▸ **Data section**:
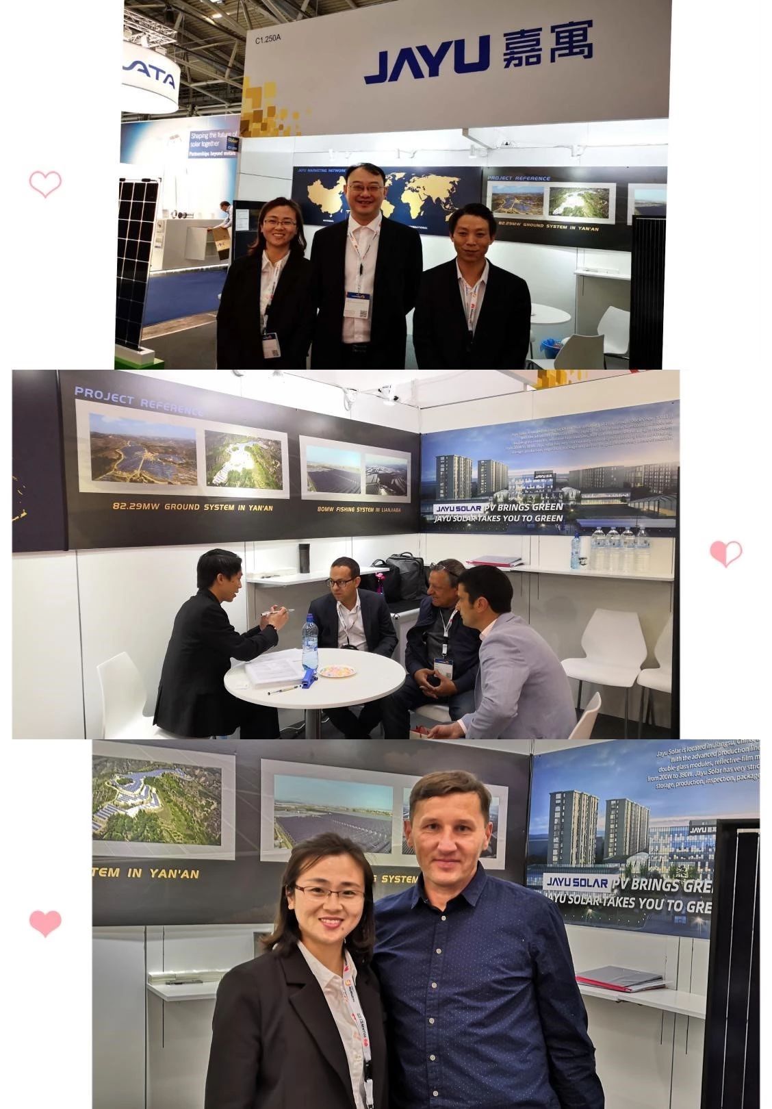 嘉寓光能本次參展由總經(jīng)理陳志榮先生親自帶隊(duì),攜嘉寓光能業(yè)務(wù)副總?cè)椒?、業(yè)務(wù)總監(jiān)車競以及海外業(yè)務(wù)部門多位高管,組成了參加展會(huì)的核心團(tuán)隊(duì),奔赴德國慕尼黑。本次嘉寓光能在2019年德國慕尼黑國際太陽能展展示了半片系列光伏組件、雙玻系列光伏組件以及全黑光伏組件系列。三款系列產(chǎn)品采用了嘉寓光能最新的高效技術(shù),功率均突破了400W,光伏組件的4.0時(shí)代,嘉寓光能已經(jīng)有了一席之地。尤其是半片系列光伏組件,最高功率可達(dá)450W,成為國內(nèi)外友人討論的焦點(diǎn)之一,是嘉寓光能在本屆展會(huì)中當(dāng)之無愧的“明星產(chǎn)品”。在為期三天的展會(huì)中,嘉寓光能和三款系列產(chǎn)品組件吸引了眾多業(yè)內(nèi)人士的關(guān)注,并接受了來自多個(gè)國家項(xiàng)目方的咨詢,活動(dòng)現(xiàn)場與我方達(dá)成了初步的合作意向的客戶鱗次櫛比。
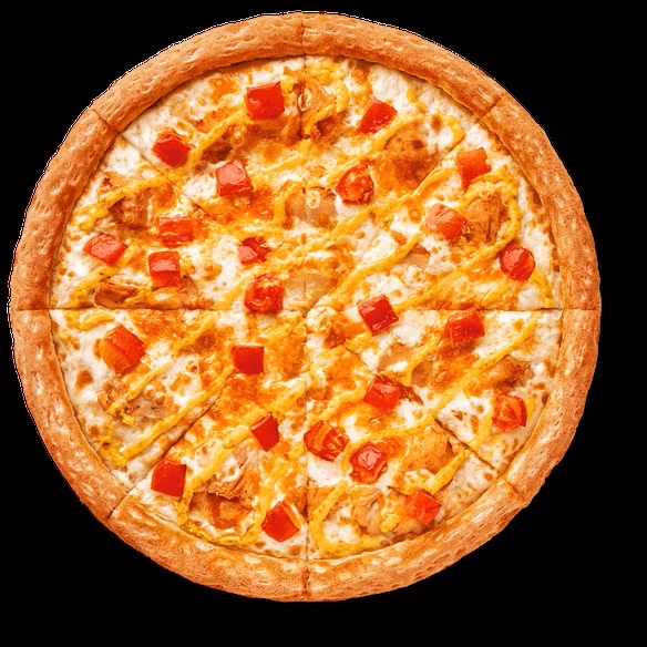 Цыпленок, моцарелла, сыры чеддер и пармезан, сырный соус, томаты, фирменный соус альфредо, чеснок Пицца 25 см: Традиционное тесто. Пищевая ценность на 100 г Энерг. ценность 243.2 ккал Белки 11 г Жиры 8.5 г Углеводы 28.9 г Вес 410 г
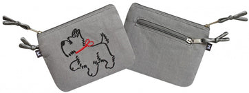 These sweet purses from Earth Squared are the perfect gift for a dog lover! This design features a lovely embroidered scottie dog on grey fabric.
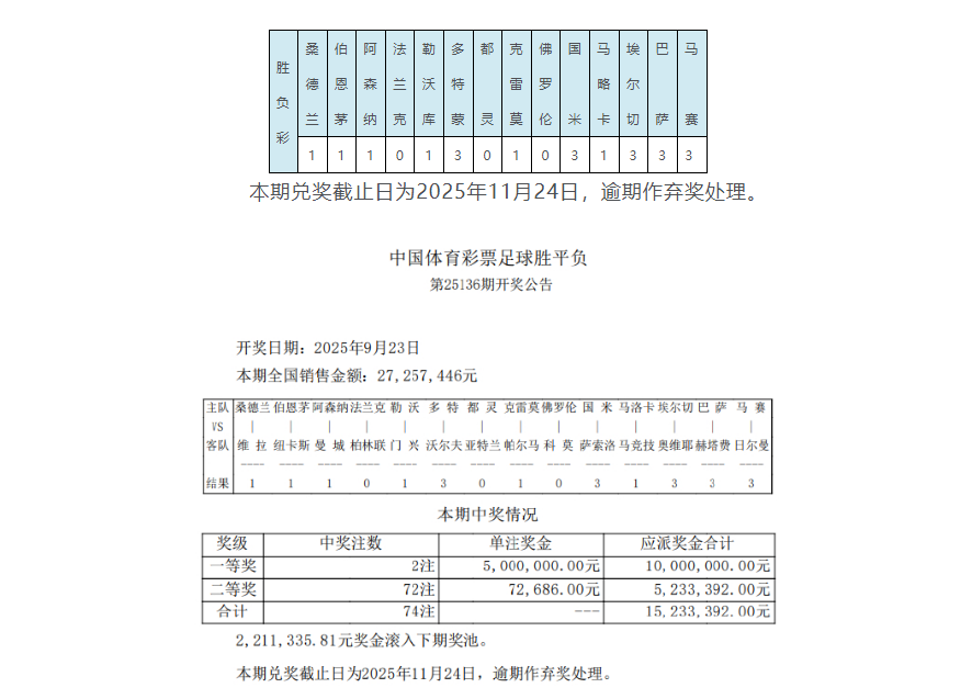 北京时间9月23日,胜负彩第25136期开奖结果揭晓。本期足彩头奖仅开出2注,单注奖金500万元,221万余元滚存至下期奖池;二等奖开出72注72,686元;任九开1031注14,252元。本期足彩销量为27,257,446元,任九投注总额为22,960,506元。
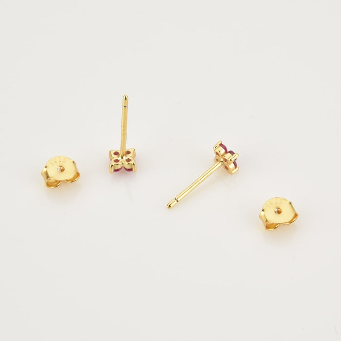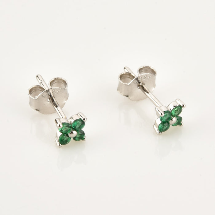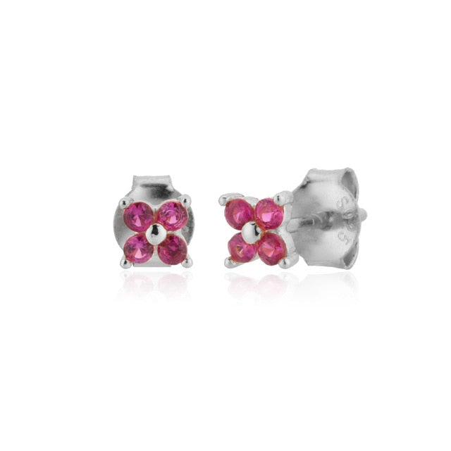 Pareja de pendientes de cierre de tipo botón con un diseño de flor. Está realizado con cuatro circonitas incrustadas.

==

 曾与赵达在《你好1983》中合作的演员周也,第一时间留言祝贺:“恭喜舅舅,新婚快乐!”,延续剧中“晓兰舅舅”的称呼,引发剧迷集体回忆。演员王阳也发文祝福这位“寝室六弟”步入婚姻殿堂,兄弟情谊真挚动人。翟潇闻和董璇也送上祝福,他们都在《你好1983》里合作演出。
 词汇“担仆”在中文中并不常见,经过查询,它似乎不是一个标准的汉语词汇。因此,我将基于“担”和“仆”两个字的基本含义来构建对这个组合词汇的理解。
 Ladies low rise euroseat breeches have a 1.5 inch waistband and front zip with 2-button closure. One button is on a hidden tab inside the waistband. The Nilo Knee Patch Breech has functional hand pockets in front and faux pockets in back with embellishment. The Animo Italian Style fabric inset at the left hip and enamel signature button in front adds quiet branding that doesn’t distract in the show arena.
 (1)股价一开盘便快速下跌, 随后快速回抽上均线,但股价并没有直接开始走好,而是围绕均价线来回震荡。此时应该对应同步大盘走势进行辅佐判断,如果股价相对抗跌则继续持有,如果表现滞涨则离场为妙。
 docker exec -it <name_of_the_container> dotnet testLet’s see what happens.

* * *

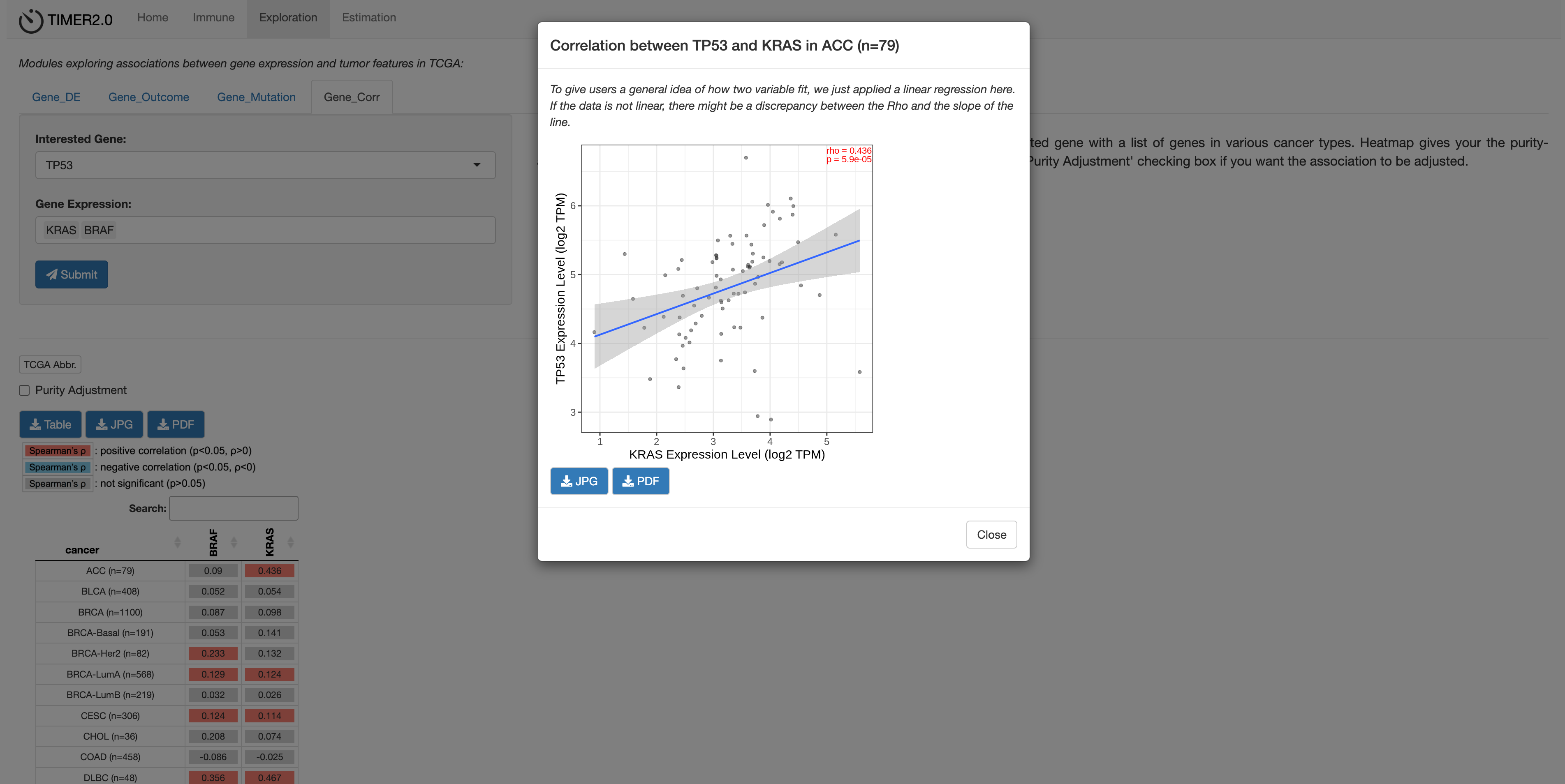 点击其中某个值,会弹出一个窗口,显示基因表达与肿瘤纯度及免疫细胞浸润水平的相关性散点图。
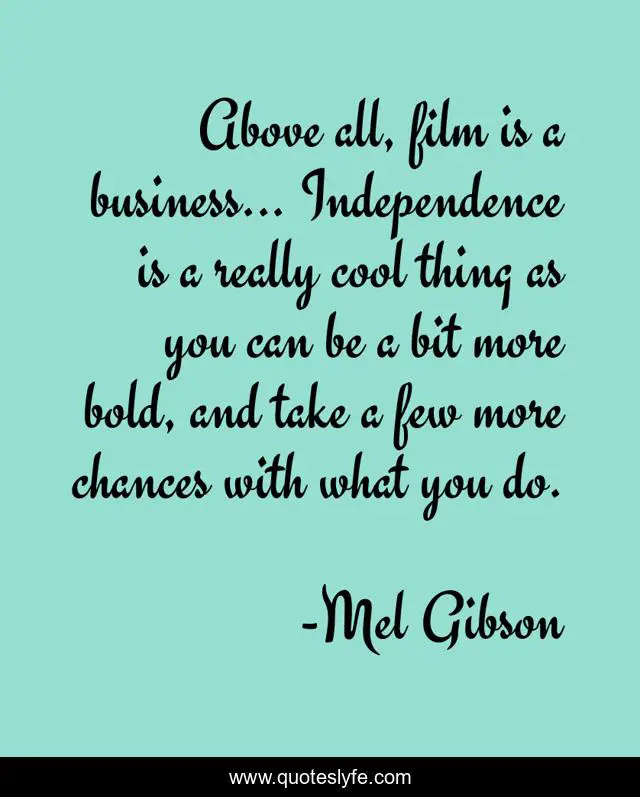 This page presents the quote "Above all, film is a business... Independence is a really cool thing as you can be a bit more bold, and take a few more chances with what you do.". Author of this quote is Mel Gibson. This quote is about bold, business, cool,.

▸ **What the task asks**: Beginning with the line holding "点击其中某个值,会弹出一个窗" in the material above, restate word for word each line through the line holding "This page presents", and exclude pictures.

▸ **Output for this task**:
 点击其中某个值,会弹出一个窗口,显示基因表达与肿瘤纯度及免疫细胞浸润水平的相关性散点图。
 This page presents the quote "Above all, film is a business... Independence is a really cool thing as you can be a bit more bold, and take a few more chances with what you do.". Author of this quote is Mel Gibson. This quote is about bold, business, cool,.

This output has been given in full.